In 1985, Carter signed a development contract with Walt Disney Studios. Later, he moved to NBC, the result of a meeting on the softball field with Brandon Tartikoff, the late president of NBC Entertainment. Carter went back to Disney in 1989 but, three years later, signed an exclusive deal with Peter Roth and Fox to develop new series. His latest deal with Fox, signed in September, 1998, reportedly spans five years and is worth as least $30 million. Industry experts have speculated that, with all profits from TV and film factored in, it could be worth as much as $100 million. Carter has his own perspective, though.

“The truth is, there’s not a whole lot I want in life,” he says. “I’d love to go surfing when I want to go surfing, where I want to go surfing. I’d like to make sure my wife [screen-writer-novelist Dori Peterson] [sic] has everything she wants in life. That’s very important to me. Beyond that, it is just insurance. You’re forced to be motivated by money in Hollywood because they make it about money. The deal is dishonest and everyone knows that. You are working with a [studio] partner and, in success down the line, there’s going to be a problem because this is a business of not just manufacturing, but a business of accounting.”

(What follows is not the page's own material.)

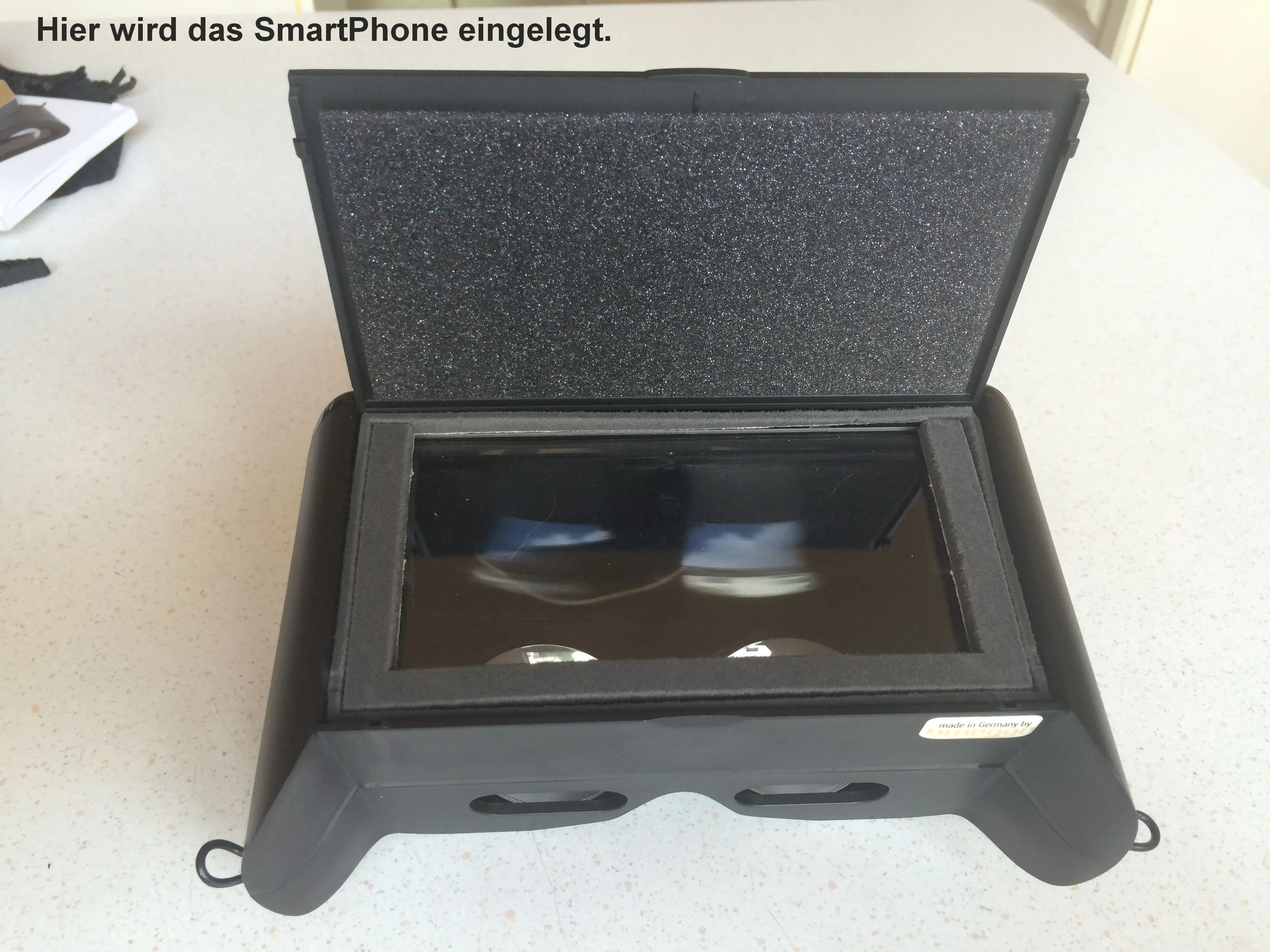 Dann das SmartPhone mit dem Display nach unten und in Pfeilrichung nach vorn in das obere Fach des Geräts einlegen. Es können verschieden große SmartPhones eingelegt werden und mit Schaumstoffstückchen fixiert werden.

Hollywood is about more than dollars and cents, Carter says. “Money is a certain form of justice in Hollywood and no one is an idiot. If they said they were lopping off a few million dollars, would I work as hard? Basically, the virtue of being a hard worker is people get to take advantage of that. That doesn’t mean you shouldn’t be paid for it.”

In 1998 Carter turned The X-Files into a feature film, and a successful one at that. Reportedly, the movie, shot on a budget of $63 million, had a worldwide gross of $185 million. Carter would like to make more movies, including a second film based on the series. He also plans, sometime this summer, to write the first of two novels for Bantam Books.

And then there’s the Carter Foundation, begun last year, which has issued several thousand dollars in scholarships to needy college freshman who intend to pursue a science major. Carter plans to double the amount this year.

“You know where the money’s going in big universities now?” he asks. “Film schools. Everybody wants to be a film-maker, so they’re pumping money into film schools but they’re not doing anything for science programs. I figure that anything I can do to turn the tide on that would be a smart thing.”

Not long ago, Carter was asked what advice he would give to aspiring writers. His answer should come as no surprise. “Work really, really hard,” he said. “A lot of people come up to me and say, ‘I want to write.’ And I always say, ‘What’s stopping you?’ It’s a matter of sitting down in front of a computer, a notepad, a typewriter and doing it. You’re about 90 percent of the way there if you can do that.”